Over a Zoom call earlier in the week,  I heard some people discussing the “Russian Davos” which they had attended back in June. 

I didn't even know such a thing existed, such is my Western, Ptolemaic view of the world. (Ptolemaic, by the way, to save you having to look it up, means you think you are at the centre of the universe, and everything revolves around you).

So the Russian Davos, or as it’s properly known, the St Petersburg International Economic Forum, held in June, is an annual event that began in 1995 to signal the (then) new Russia. It would attract global political leaders, business titans, finance bigwigs and all the usual shizzle.

The event went ahead this year, though, for obvious reasons, the VIP headcount was significantly down. Gone were the likes of (once) German chancellor Angela Merkel, ECB chief Christine Lagarde, Goldman Sachs' Lloyd Blankfein, Citi's Vikram Pandit and ExxonMobil's Rex Tillerson. Top billing went to presidents of Egypt (via video link), Kazakhstan, Armenia and other allied states.

There were representatives from the likes of China, India, Iran, Serbia, Turkey, Venezuela, Egypt, Belarus, Central African Republic, Nicaragua and the United Arab Emirates. Quite a collection. Non-Western nations that have not imposed sanctions had greater prominence.

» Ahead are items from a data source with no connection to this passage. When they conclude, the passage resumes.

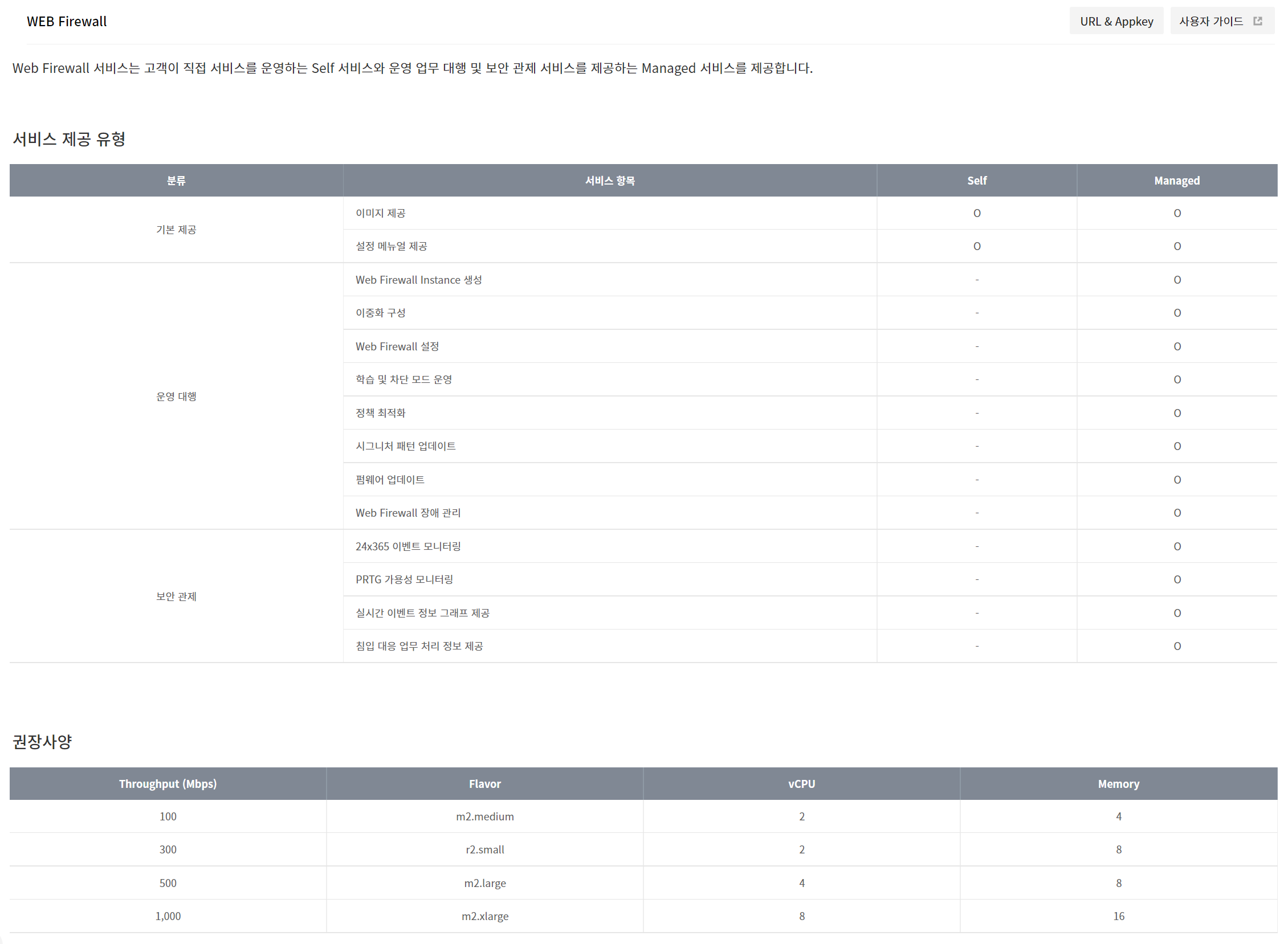 - Managed 서비스를 선택하면 전문 엔지니어가 웹 방화벽 운영 및 보안관제 서비스를 제공합니다.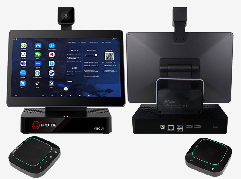 I-5310(雙麥版)是一款基于安卓12操作系統(tǒng),集13.3英寸高清顯示屏、4K超清攝像頭、4個陣列麥克風(fēng)和高性能揚聲器于一體的智能一體化終端產(chǎn)品。拓展2個無線拾音麥克風(fēng)與一體機之間通過無線傳輸連接。支持以太網(wǎng)連接、WIFI連接;支持HDMI OUT輸出,HDMI IN輸入。八核的處理器和8G內(nèi)存+32G存儲和內(nèi)置鋰電池4800mA能滿足日常的個人辦公室、家庭聚會、網(wǎng)絡(luò)培訓(xùn)和中小型會議室。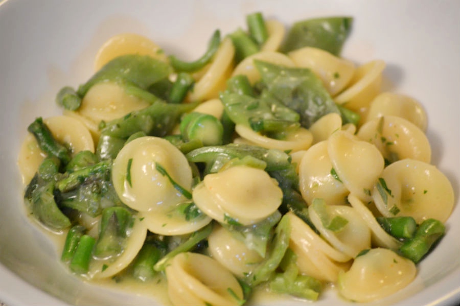 Portate a ebollizione una pentola d’acqua, cuocetevi per 5 minuti i baccelli, scolateli, quindi salate e cuocete la pasta nella stessa acqua di cottura.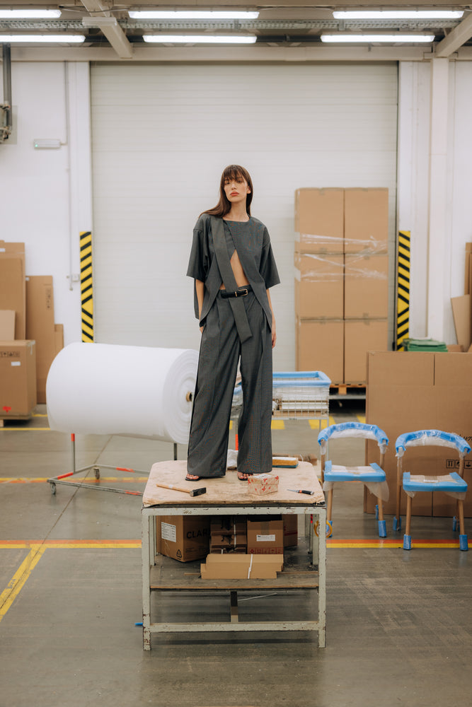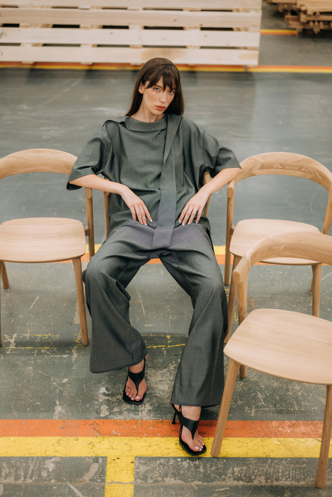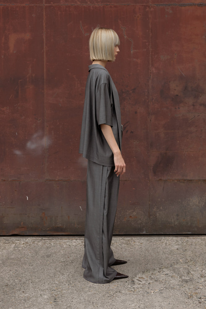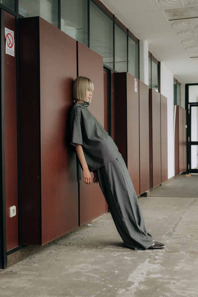Grey pants and t-shirt set made in light virgin wool fabric.

The Western economy has been shaped by cheap commodity prices 

The official title of the forum was "New Opportunities in a New World", and the recurring theme was how to improve trade between non-Western powers in a US dollar controlled world of sanctions. 

"A new form of international cooperation: how will payments be made?" was the title of one such talk. Time and time again the conversation came back to a new, non-Western international currency.

Which brings me to the second strand of thought that makes up today’s piece: the latest contribution from Credit Suisse analyst, Zoltan Pozsar. 

Pozsar has long since argued that Bretton Woods III, a new world monetary order, is happening before our eyes and that new money systems east of Europe will be based around commodity-based currencies.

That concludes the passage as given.